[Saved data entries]
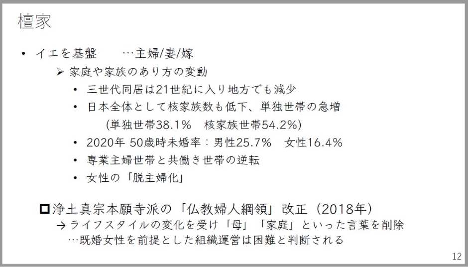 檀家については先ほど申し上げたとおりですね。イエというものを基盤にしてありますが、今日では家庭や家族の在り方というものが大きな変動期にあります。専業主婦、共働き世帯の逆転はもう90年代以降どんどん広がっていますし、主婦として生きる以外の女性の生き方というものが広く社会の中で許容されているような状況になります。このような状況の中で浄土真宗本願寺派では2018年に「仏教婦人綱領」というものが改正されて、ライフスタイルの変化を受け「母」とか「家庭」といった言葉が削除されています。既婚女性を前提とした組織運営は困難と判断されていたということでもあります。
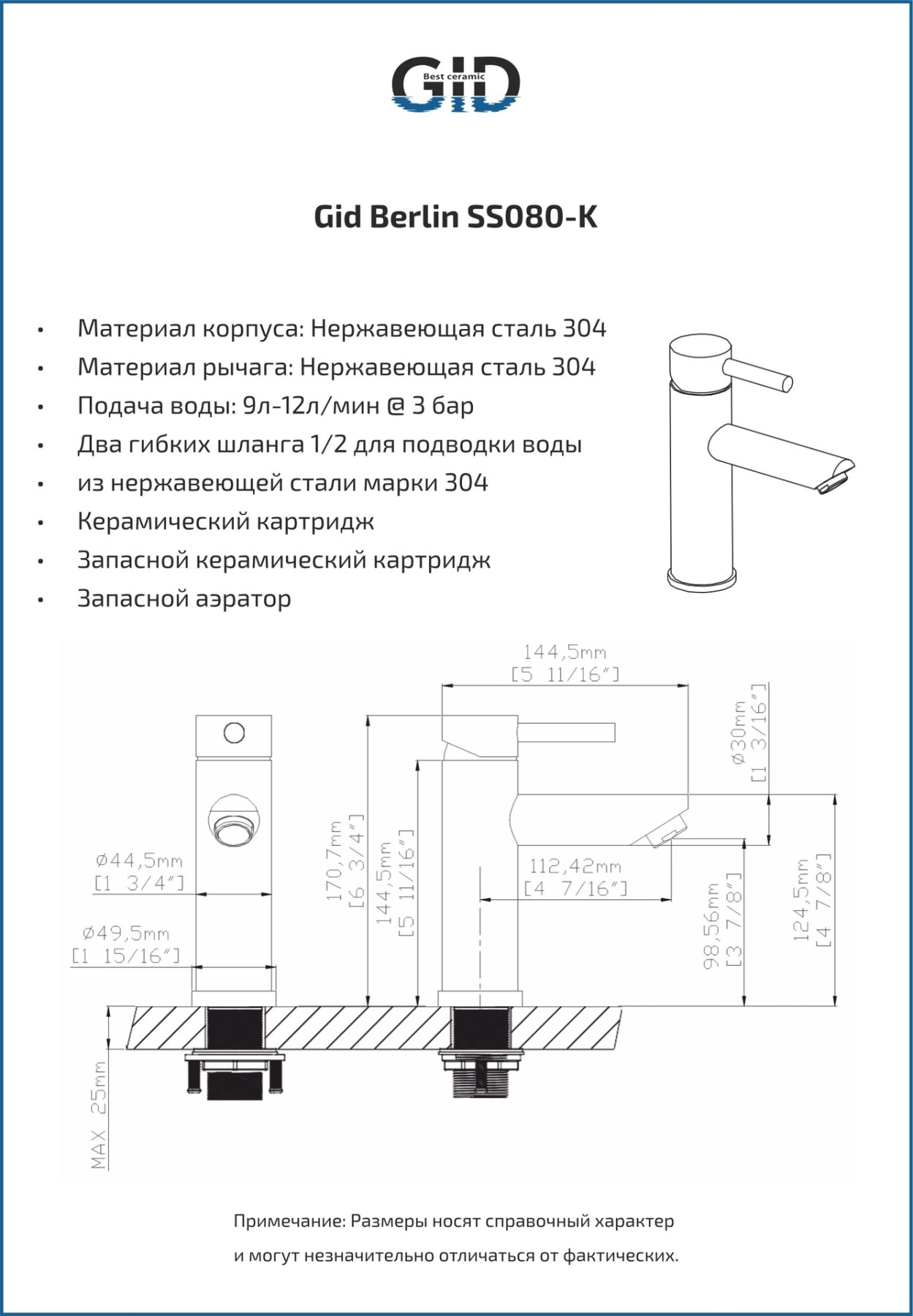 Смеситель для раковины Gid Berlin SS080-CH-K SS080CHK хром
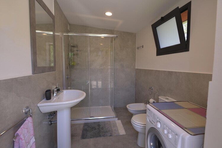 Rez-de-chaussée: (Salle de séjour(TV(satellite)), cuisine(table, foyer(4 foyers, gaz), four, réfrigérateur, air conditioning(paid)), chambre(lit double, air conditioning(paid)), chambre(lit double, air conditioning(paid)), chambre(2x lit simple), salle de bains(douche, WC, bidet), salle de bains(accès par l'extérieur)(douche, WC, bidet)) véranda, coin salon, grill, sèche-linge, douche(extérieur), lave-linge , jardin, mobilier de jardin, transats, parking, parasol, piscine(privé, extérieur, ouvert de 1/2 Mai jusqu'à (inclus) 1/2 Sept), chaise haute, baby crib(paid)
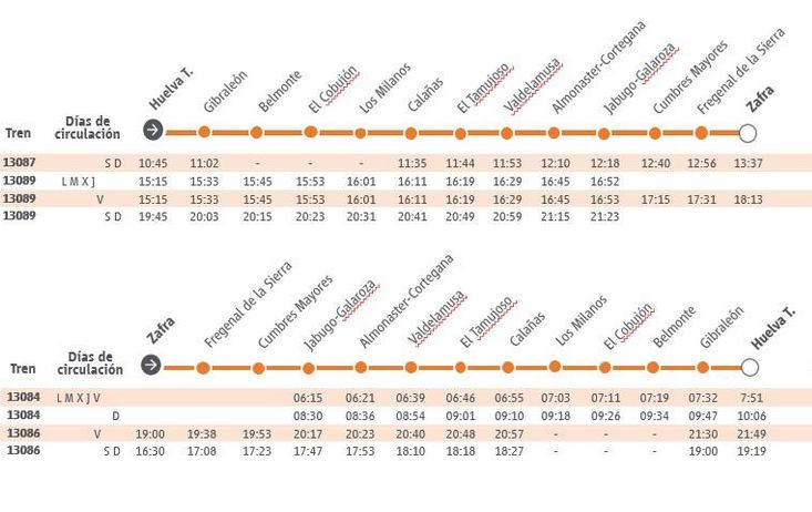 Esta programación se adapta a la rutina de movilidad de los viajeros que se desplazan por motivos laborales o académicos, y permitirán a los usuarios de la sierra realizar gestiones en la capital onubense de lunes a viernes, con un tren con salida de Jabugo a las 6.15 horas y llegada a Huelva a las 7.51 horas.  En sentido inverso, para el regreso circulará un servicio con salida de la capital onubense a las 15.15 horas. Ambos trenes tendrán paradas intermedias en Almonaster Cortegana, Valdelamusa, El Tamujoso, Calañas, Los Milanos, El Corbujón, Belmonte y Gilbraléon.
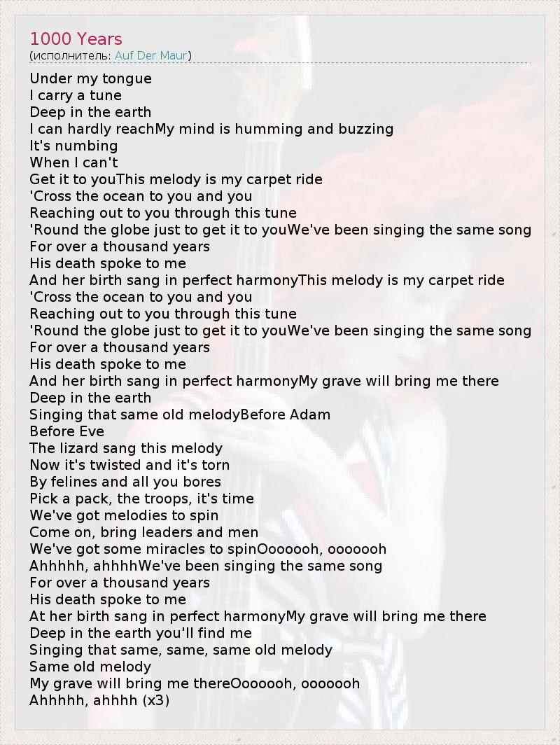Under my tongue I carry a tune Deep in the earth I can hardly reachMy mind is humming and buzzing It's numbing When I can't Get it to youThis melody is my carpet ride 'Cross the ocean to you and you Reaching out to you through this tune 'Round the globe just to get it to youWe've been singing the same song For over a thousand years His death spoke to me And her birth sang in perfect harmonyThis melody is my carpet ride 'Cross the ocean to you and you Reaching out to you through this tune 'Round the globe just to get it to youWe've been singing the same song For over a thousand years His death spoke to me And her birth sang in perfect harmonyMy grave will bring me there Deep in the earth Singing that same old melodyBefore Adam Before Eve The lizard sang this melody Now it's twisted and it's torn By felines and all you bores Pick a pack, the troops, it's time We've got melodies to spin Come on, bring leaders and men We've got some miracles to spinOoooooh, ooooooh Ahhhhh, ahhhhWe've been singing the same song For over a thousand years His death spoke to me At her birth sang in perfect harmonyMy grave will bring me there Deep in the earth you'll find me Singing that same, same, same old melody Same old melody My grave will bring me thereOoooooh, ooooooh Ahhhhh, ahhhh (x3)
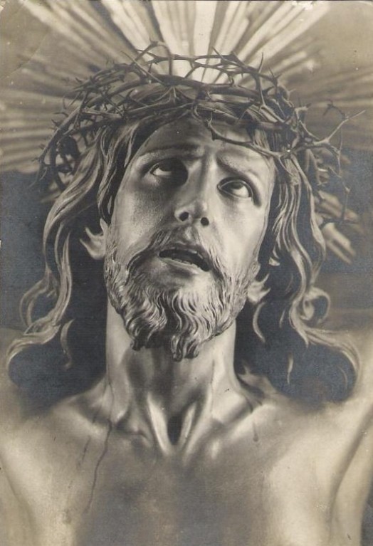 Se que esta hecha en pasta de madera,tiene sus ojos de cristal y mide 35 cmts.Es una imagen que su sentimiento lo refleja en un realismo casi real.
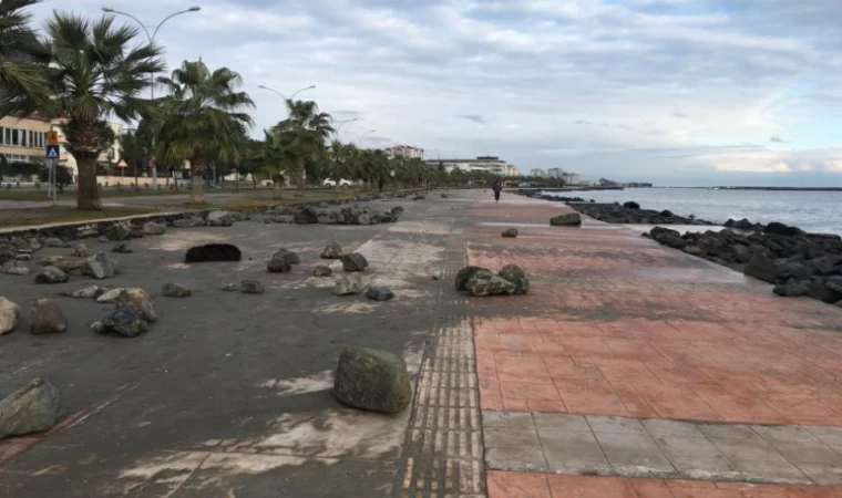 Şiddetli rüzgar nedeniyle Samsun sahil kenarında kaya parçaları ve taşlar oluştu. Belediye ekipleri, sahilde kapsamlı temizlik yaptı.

- **To do**:
Output every entry verbatim but skip the pictures.

- **Solution to this exercise**:
 檀家については先ほど申し上げたとおりですね。イエというものを基盤にしてありますが、今日では家庭や家族の在り方というものが大きな変動期にあります。専業主婦、共働き世帯の逆転はもう90年代以降どんどん広がっていますし、主婦として生きる以外の女性の生き方というものが広く社会の中で許容されているような状況になります。このような状況の中で浄土真宗本願寺派では2018年に「仏教婦人綱領」というものが改正されて、ライフスタイルの変化を受け「母」とか「家庭」といった言葉が削除されています。既婚女性を前提とした組織運営は困難と判断されていたということでもあります。
 Смеситель для раковины Gid Berlin SS080-CH-K SS080CHK хром
 Rez-de-chaussée: (Salle de séjour(TV(satellite)), cuisine(table, foyer(4 foyers, gaz), four, réfrigérateur, air conditioning(paid)), chambre(lit double, air conditioning(paid)), chambre(lit double, air conditioning(paid)), chambre(2x lit simple), salle de bains(douche, WC, bidet), salle de bains(accès par l'extérieur)(douche, WC, bidet)) véranda, coin salon, grill, sèche-linge, douche(extérieur), lave-linge , jardin, mobilier de jardin, transats, parking, parasol, piscine(privé, extérieur, ouvert de 1/2 Mai jusqu'à (inclus) 1/2 Sept), chaise haute, baby crib(paid)
 Esta programación se adapta a la rutina de movilidad de los viajeros que se desplazan por motivos laborales o académicos, y permitirán a los usuarios de la sierra realizar gestiones en la capital onubense de lunes a viernes, con un tren con salida de Jabugo a las 6.15 horas y llegada a Huelva a las 7.51 horas.  En sentido inverso, para el regreso circulará un servicio con salida de la capital onubense a las 15.15 horas. Ambos trenes tendrán paradas intermedias en Almonaster Cortegana, Valdelamusa, El Tamujoso, Calañas, Los Milanos, El Corbujón, Belmonte y Gilbraléon.
Under my tongue I carry a tune Deep in the earth I can hardly reachMy mind is humming and buzzing It's numbing When I can't Get it to youThis melody is my carpet ride 'Cross the ocean to you and you Reaching out to you through this tune 'Round the globe just to get it to youWe've been singing the same song For over a thousand years His death spoke to me And her birth sang in perfect harmonyThis melody is my carpet ride 'Cross the ocean to you and you Reaching out to you through this tune 'Round the globe just to get it to youWe've been singing the same song For over a thousand years His death spoke to me And her birth sang in perfect harmonyMy grave will bring me there Deep in the earth Singing that same old melodyBefore Adam Before Eve The lizard sang this melody Now it's twisted and it's torn By felines and all you bores Pick a pack, the troops, it's time We've got melodies to spin Come on, bring leaders and men We've got some miracles to spinOoooooh, ooooooh Ahhhhh, ahhhhWe've been singing the same song For over a thousand years His death spoke to me At her birth sang in perfect harmonyMy grave will bring me there Deep in the earth you'll find me Singing that same, same, same old melody Same old melody My grave will bring me thereOoooooh, ooooooh Ahhhhh, ahhhh (x3)
 Se que esta hecha en pasta de madera,tiene sus ojos de cristal y mide 35 cmts.Es una imagen que su sentimiento lo refleja en un realismo casi real.
 Şiddetli rüzgar nedeniyle Samsun sahil kenarında kaya parçaları ve taşlar oluştu. Belediye ekipleri, sahilde kapsamlı temizlik yaptı.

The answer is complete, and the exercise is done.